» **PROBLEM DETAILS**: From the data below, return only the lines from the one with "Este set es" through the one with "1955, grade VF to BU. Cent to dollar.", exact and inclusive, with pictures left out.

» **STORED DATA**:
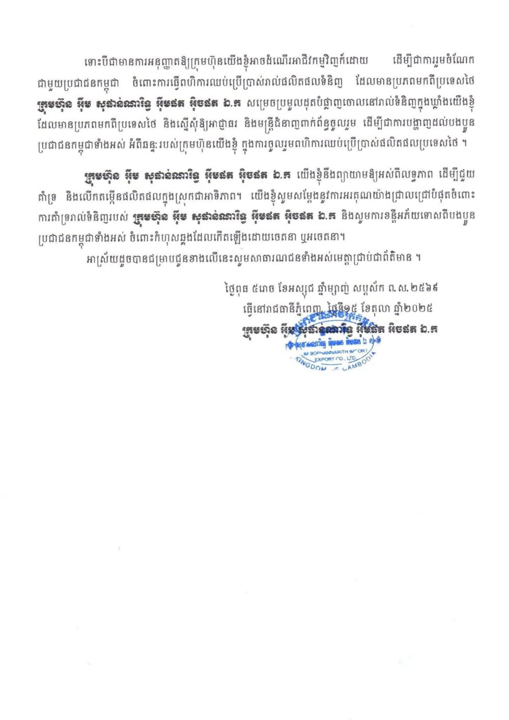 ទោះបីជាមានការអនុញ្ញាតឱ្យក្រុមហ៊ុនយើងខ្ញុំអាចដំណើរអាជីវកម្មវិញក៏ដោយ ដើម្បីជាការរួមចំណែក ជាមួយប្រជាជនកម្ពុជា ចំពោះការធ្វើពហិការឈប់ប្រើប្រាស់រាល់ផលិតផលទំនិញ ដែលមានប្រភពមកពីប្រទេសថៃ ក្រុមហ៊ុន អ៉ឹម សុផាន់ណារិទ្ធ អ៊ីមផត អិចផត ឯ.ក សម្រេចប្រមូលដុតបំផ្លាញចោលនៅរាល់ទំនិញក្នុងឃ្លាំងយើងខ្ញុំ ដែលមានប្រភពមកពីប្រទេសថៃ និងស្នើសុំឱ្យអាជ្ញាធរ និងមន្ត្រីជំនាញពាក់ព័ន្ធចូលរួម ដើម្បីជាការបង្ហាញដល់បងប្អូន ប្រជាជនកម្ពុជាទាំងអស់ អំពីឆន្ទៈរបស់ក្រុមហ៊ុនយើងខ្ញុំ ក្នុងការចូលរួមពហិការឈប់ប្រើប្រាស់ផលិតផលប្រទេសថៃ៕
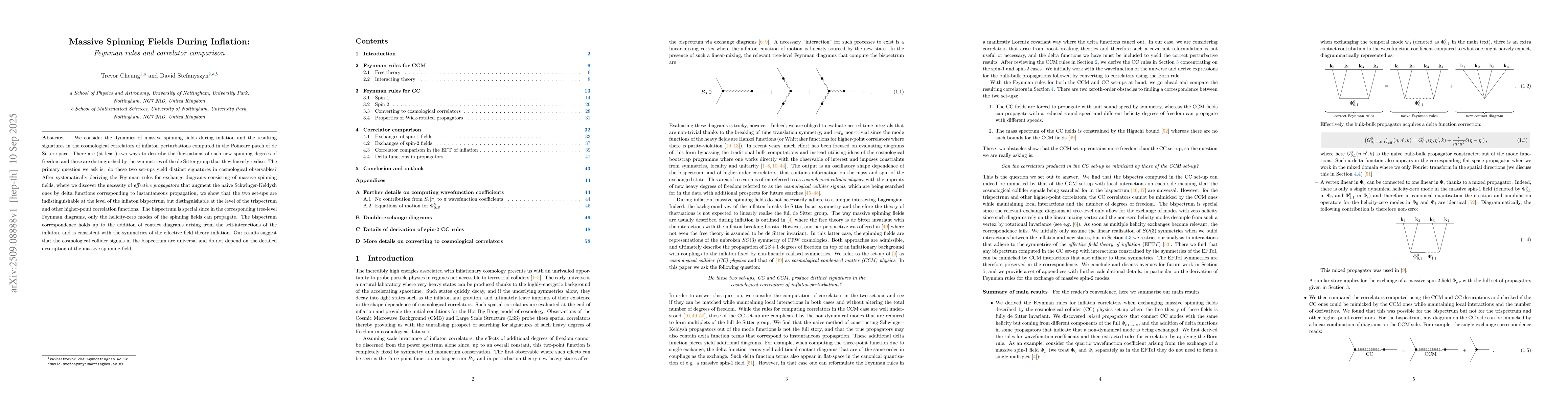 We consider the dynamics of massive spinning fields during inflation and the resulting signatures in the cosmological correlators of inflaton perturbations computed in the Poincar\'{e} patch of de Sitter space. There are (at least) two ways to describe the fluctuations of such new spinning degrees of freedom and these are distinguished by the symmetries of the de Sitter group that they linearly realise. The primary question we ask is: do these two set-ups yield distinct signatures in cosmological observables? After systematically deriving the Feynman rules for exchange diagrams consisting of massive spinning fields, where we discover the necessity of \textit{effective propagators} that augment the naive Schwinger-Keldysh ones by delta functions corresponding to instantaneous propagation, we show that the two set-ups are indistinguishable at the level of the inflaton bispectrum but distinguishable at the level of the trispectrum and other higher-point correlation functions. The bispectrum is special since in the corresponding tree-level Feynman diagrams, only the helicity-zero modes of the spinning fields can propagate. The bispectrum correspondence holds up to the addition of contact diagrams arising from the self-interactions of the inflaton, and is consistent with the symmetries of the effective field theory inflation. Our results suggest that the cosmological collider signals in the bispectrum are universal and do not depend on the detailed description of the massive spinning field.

* * *

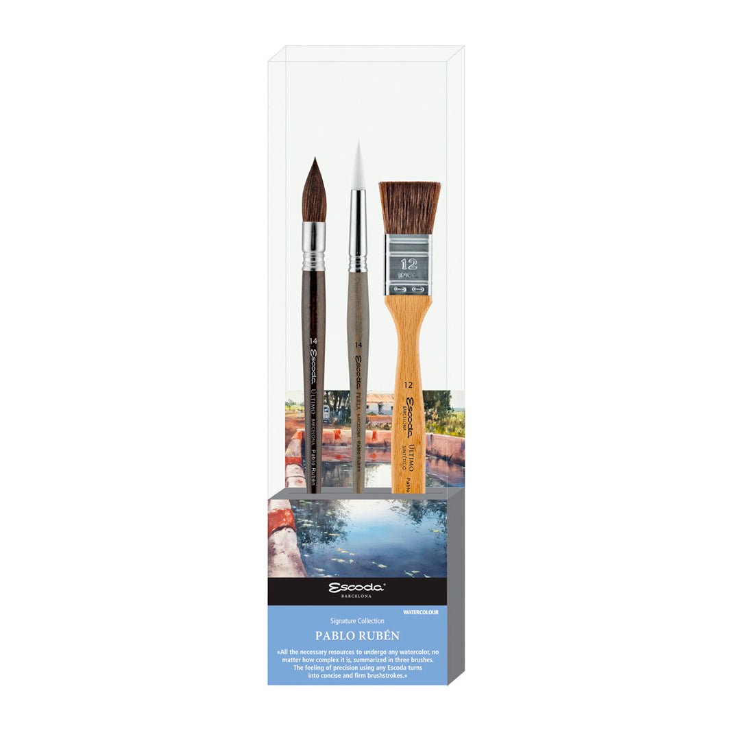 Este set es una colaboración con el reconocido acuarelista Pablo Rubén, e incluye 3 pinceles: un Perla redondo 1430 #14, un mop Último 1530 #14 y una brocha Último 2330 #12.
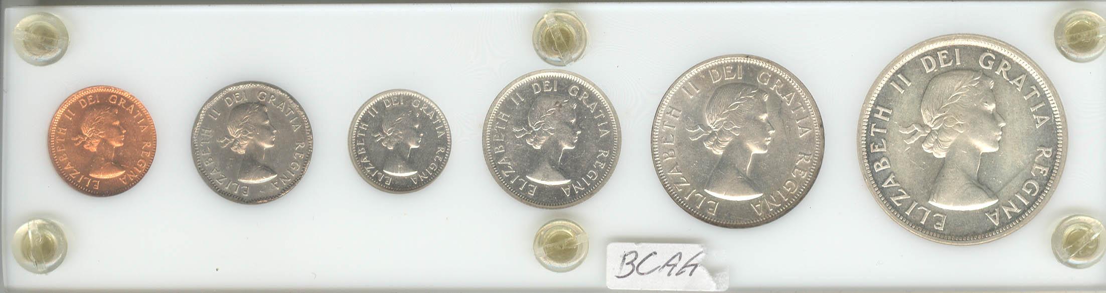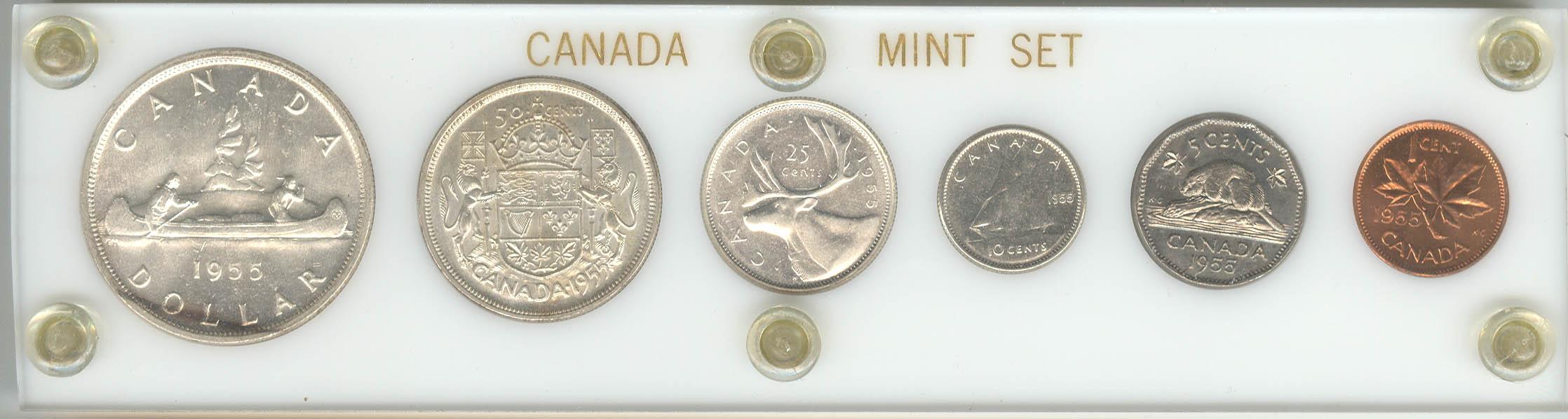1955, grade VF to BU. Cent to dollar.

» **EXPECTED ANSWER**:
 Este set es una colaboración con el reconocido acuarelista Pablo Rubén, e incluye 3 pinceles: un Perla redondo 1430 #14, un mop Último 1530 #14 y una brocha Último 2330 #12.
1955, grade VF to BU. Cent to dollar.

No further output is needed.